I'm back with a mutiple chapters fiction this time. This is actually the first fanfiction I have imagined, but I didn't want to publish it because I wasn't sure I would have time to continue it. But today, it was either doing that or crying over the season finale.

So here it is. This is a five chapters fanfiction with a prologue and probably an epilogue.

For those of you who read So Damn Dan perhaps you'll be happy to know that Nana will be in at least three chapters of this story.

I hope you'll enjoy it and that by the end it would have contribued to heal a little our wounded Dair loving hearts.

Have a good reading.


PROLOGUE


They had been together for a whole year when Dan started having doubts. He couldn't help noticing that something was missing. Things were different as they were in the beginning and not a good different. Not bad either. Just strangely different.

Their fights were different. Although teasing each other about their origins was a part of their relationship, after the first year, they really started to get annoyed by it. Dan liked spending nights with Blair at the penthouse, but he never really wanted to hang out in the Upper East Side. Central Park was the only place he could really spend a whole afternoon with her. And Blair always left Brooklyn right after breakfast. Sometimes even before.

The way they spent time in public was different. At the beginning they would often try to steal a moment to be with each other, just the two of them. After a year, they could spend an entire Humphrey-Van der Woodsen brunch without talking to each other. And it didn't bother any of them.

The way they made love was different. At the beginning Dan always managed to find the perfect balance between the roughness, empowered by an intense desire to pleasure her and the tenderness, because nothing had never felt sweeter to him than making love to her. Blair always managed to surprise him by taking control at the most unexpected moment, and she often showed how good he felt to her. After a year, they had sex mostly after little fights, and Dan could only manage the roughness. At the beginning Blair could have had made love to him all night long, or at any time of the day. After a year, she often told him that they shouldn't be too long, because she had things to do in the morning.

Once, they talked about moving in together. They agreed that they were going to do it, soon. But Blair insisted that they find an apartment in the Upper East Side while Dan wanted nothing else but sharing his loft with her. He didn't feel ready to leave it. It was the place he had grew up in, it was the place he had written his first novel, it was the place when they had had the best movie night. It was the place she had told him her heart belonged to him. It was the place he had told her he loved her.

Blair always said she understood the emotional bond, but that it was no reason to keep living in memories.

"Don't you want to create new ones with me?" she asked him.

"I do"

Of course he did. But if what she was saying was true, why couldn't she leave the Upper East Side and come live with him?

He asked her once, but all she did was rolling her eyes.

"It's impossible to argue with you" she said.

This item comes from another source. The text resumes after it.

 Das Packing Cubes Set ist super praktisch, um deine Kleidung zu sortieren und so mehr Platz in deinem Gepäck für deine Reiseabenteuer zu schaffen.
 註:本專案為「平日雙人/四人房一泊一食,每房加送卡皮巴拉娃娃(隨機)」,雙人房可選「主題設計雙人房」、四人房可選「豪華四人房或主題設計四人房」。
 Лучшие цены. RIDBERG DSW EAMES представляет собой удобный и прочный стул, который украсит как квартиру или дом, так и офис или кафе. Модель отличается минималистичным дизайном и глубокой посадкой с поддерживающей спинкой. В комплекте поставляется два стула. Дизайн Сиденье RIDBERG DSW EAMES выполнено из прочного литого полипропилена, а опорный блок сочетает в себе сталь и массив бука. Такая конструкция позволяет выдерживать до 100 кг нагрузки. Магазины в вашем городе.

So they stopped talking about it. They just gave up. And Dan started having doubts. He could see she did too.

Blair started to get difficult. She never liked the way he talked to her. Every little bicker, every tiny remark from him seemed to hurt her. She would burst into tears when he told her that she was being childish or when he faked admitting he was wrong just to avoid a fight. She didn't have the energy to fight with him, but she sometimes didn't have the energy to even be with him. So she would cry. She could never understand why.

And the worst part was she could see he was having doubts about their relationship. She knew it was mostly her fault. She had never told him she loved him, even though they had been together for so long. She often made great efforts to show him, but she could never say it.

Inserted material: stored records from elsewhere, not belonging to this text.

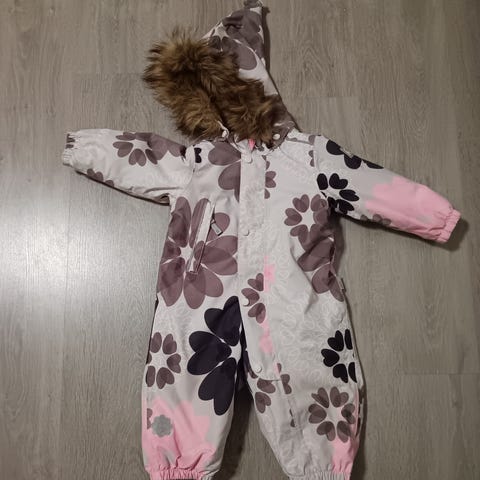 Yleisilmeeltään siisti toppahaalari. Pientä kulumaa polvissa, väri haalistunut haaroista ja pientä kulumaan pepussa. Jalkalenksut paikoillaan. Koko 80cm.
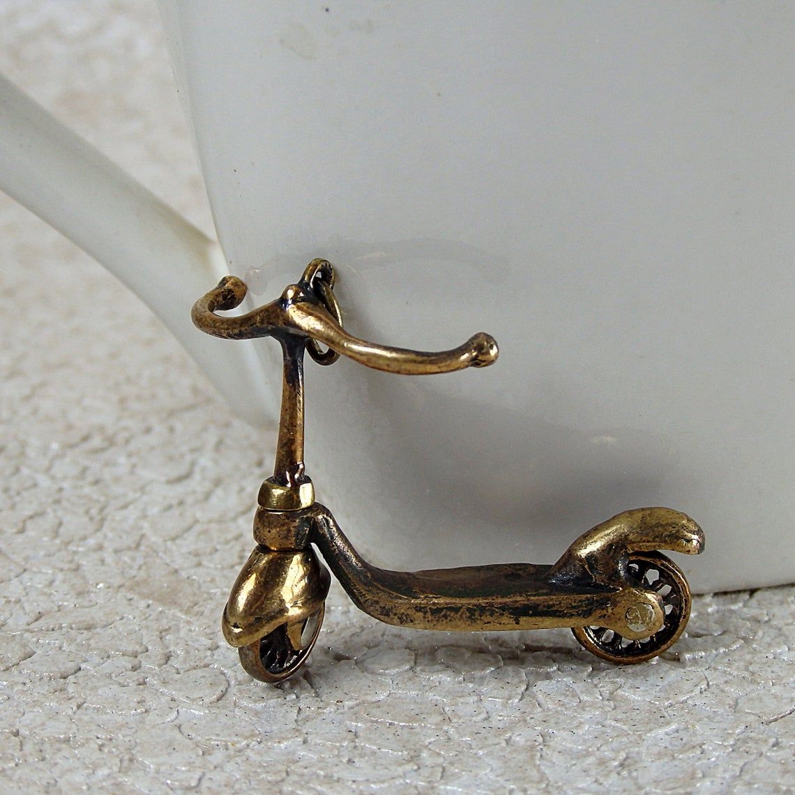 Bronze keychain "Scooter" will be a good little gift for a novice driver and supporter of a healthy lifestyle. This product can be used as a keychain or charm for bracelets and bags. The wheels spin and the steering wheel turns on the keychain, so this is a full-fledged miniature toy model.
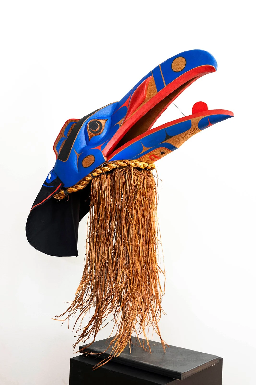 "Working with Gordon on a special commission mask was a joy. He is a warm, thoughtful and extremely gifted artist and carver. I appreciated the professional approach provided by Ahtsik Gallery with respect to setting a contract for payment. In all aspects I felt able to provide input when required. Due to distance, all our connections were by phone or email, but he was attentive, responsive and provided invaluable insight along the way. A beautiful piece of art embodied with deep meaning and spirit can never be rushed. The result was a stunning mask that means the world to my husband, and to me. As with most of the best things in life, the journey is a valuable part of the experience. I felt I was able to get to know Gordon better along the way, and he spent time with both of us when he delivered the mask, making the entire process richer and the magnificent mask even more meaningful. I wouldn’t hesitate to work with Gordon and the Ahtsik Gallery again.”
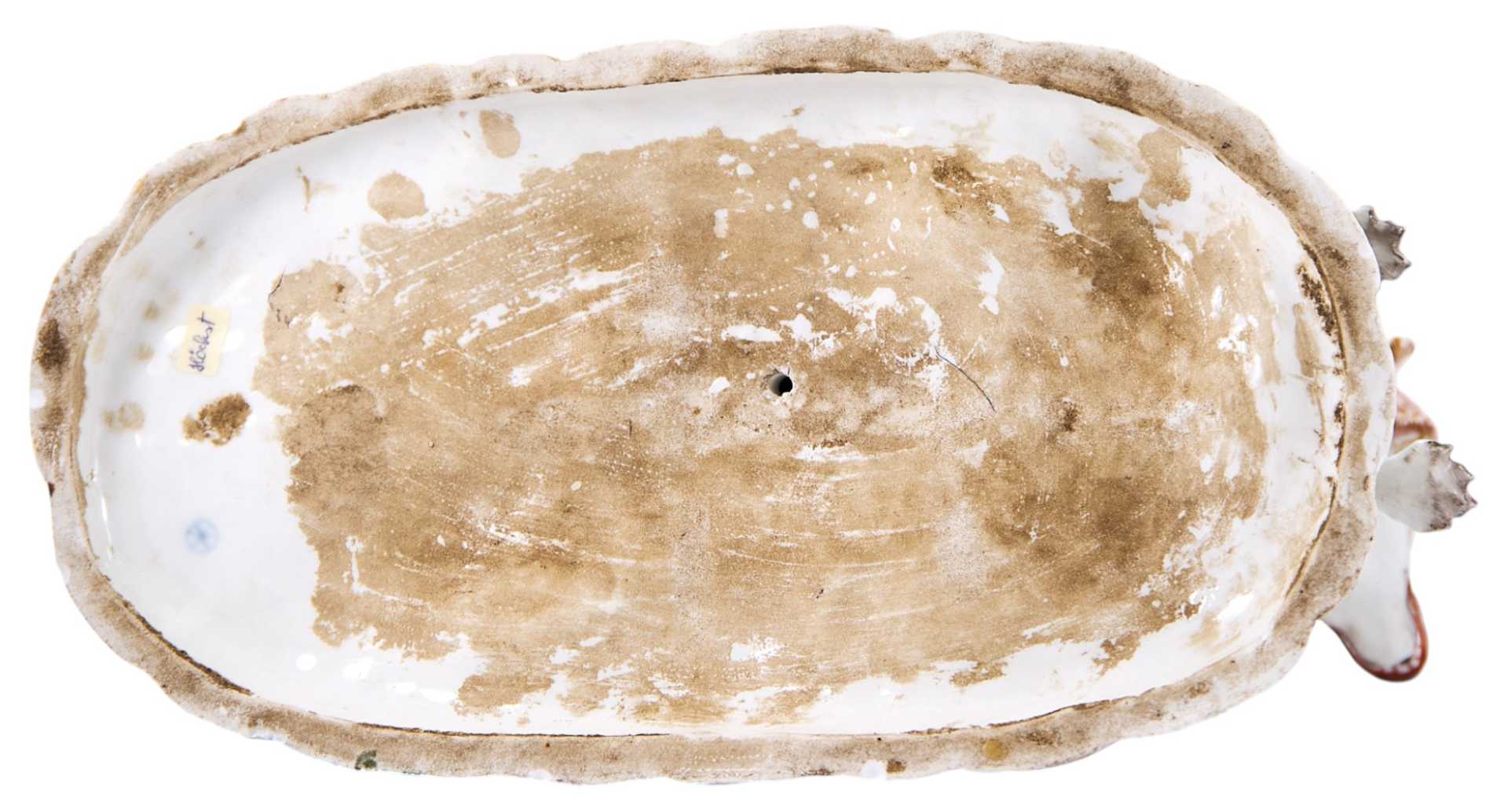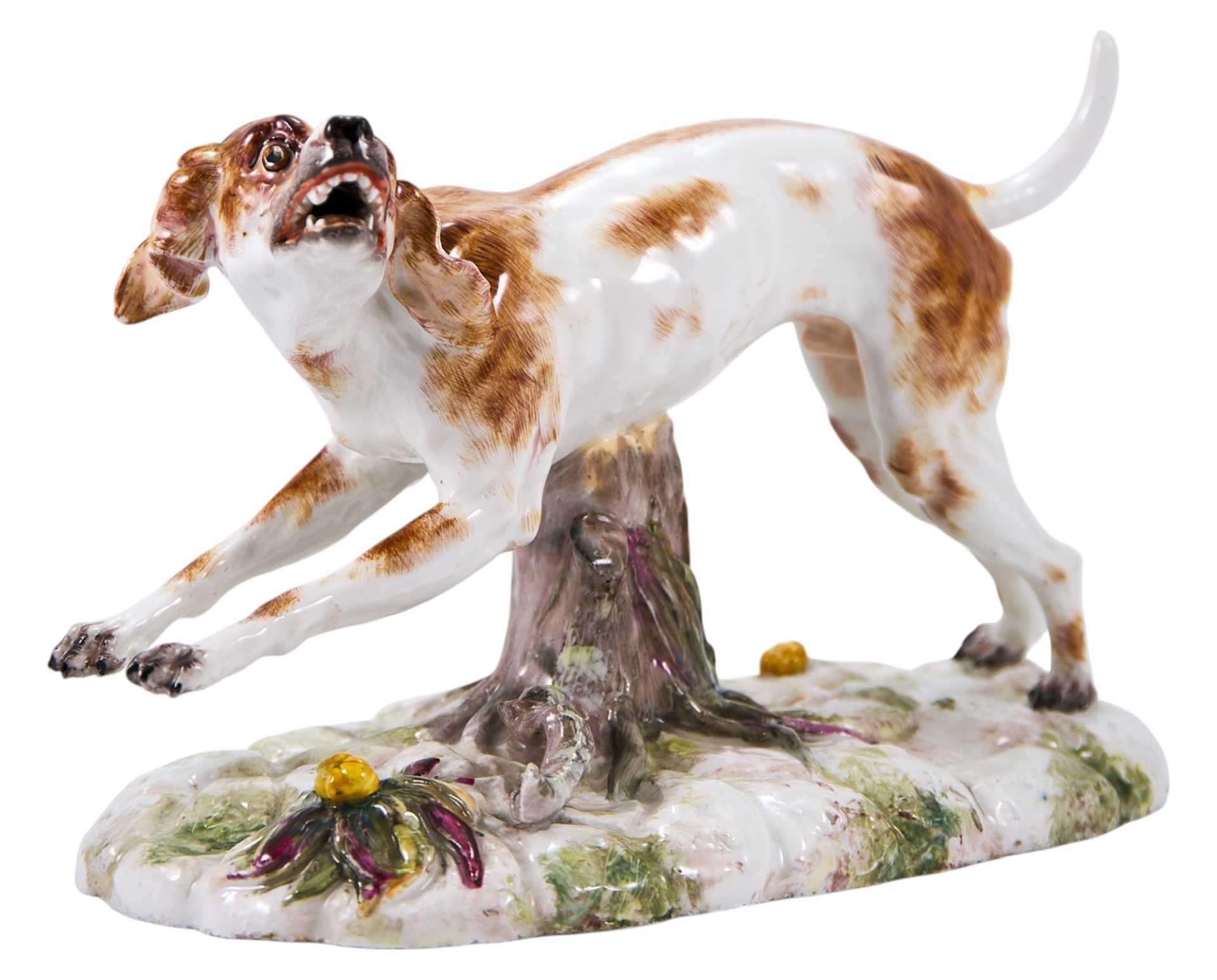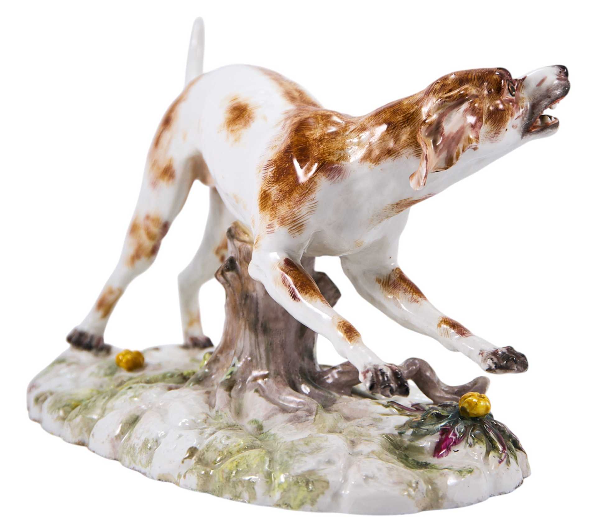 Представлена бегущая гончая. На основании клеймо изготовителя - фарфоровой фабрики в Höchst (Германия), периода 1750-1790-х годов, в виде колеса с шестью спицами. Хехстская фарфоровая мануфактура, Гессен ( Германия) Одна из наиболее известных немецких фарфоровых мануфактур была основана в 1746 году в городе Хёхсте (Гессен) коммерсантами И. К. Гельтцем и Ф. И. Кларусом с помощью бывшего мейсенского художника А. Ф. Лёвенфинка. Первым изделиям, изготавливавшимся из темной массы, Лёвенфинк придумал название „фаянсовый фарфор”. Лишь при. преемнике Лёвенфинка Иоганне Бснкграффе из Вены качество массы и художественный уровень изделий значуутельно повысились, так что к 1750 году выпускался уже полноценный фарфор. После отъезда Бенкграффа в Фюрстенберг (1753) начались финансовые трудности, поэтому в 1756 году фабрика стала собственностью государства под покровительством курфюрста Фридриха Карла, затем (1765-1776) являлась компанией, где главным пайщиком оставался курфюрст, с 1778 года окончательно перешла к курфюрсту, а в 1796 году закрылась вследствие разорения, обусловленного наполеоновскими войнами. Формы и модели Хёхста были закуплены предприятия?,!!! в Пассау, Боппе и Дз?,імс, часть из них сохранилась до наших диен.

So one night of spring, as they were snuggling on the couch they had installed on the roof, she looked at him and told him. He smiled slightly and put his lips on hers.

The fact that she was finally able to say it did not make things better. Neither did the fact that they discovered she was two months pregnant.

By the fourth month of the pregnancy, Blair had moved to Brooklyn, but it didn't drive them closer. On the contrary, Dan seemed to be miles away. He took great care of her, but it stopped there. At first, it hurt her. Then she started to realize that the less he was at the loft, the more at peace she felt. One day, he came back home with a friend.

Her name was Sonja. She was Finnish and she worked as a kindergarten teacher to support her career as a photograph. They had run into each other several times at exhibits and lectures. So Dan invited her to dinner. She was actually really nice, but it didn't matter to Blair. It was like she needed to hate her.

At the beginning of the sixth month, Dan and Blair broke up. They had been fighting much more and Dan was well aware that upsetting Blair was bad for the baby. So he took the step neither of them had dared to take for months and ended things. He would still be there for the baby, of course. And she could always count on him whenever she needed anything. But it didn't work for him anymore. He couldn't recognize the Blair Waldorf he had fallen in love with. She didn't even cry. Even though her hormones were working fulltime, she didn't even shed a tear over the longest relationship she had been in. It only convinced them both.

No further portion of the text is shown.